Magnetic catalysis in QED_3 at finite temperature: beyond the constant mass approximation

TL;DR

This paper investigates magnetic catalysis in (2+1)-dimensional QED at finite temperature by solving Schwinger-Dyson equations without assuming a constant fermion mass, revealing a phase diagram with magnetic field-dependent critical temperatures.

Contribution

It provides a detailed analysis of magnetic catalysis in QED3 at finite temperature beyond the constant mass approximation, including the momentum dependence of the fermion self-energy.

Findings

Critical temperature scales as √B for intermediate magnetic fields.

At very strong magnetic fields, the critical temperature approaches a constant value.

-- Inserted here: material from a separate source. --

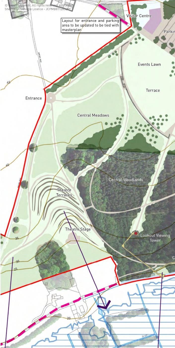 • Proposing some features at the entrance area (e g visitor centre, terrace and lawns, play area, and retention ponds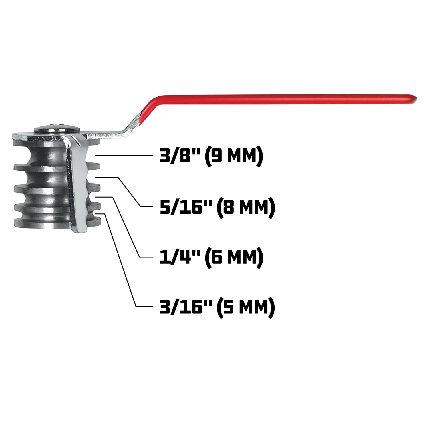 Servicing or custom bending tubing can be an expensive project to outsource. Having your own precision bending tool can make all the difference. The Powerbuilt Tubing Bender is perfect for bending brass, copper, aluminum, and brake line tubing up to 360 degrees. This heavy-duty tubing bender has four grooves for bending 3/16 inch (5 mm), 1/4 inch (6 mm), 5/16 inch (8 mm), and 3/8 inch (9 mm) tubing. It features a dipped comfort handle for added control and a frim grip. Every package comes with professionally written usage instructions and photos that take you step by step through proper tool usage. The tool meets or exceeds applicable ANSI standards and has a lifetime warranty.

The phase diagram shows a transition line depending on temperature and magnetic field.

Abstract

We solve the Schwinger-Dyson equations for (2+1)-dimensional QED in the presence of a strong external magnetic field. The calculation is done at finite temperature and the fermionic self energy is not supposed to be momentum-independent, which is the usual simplification in such calculations. The phase diagram in the temperature-magnetic field plane is determined. For intermediate magnetic fields the critical temperature turns out to have a square root dependence on the magnetic field, but for very strong magnetic fields it approaches a B-independent limiting value.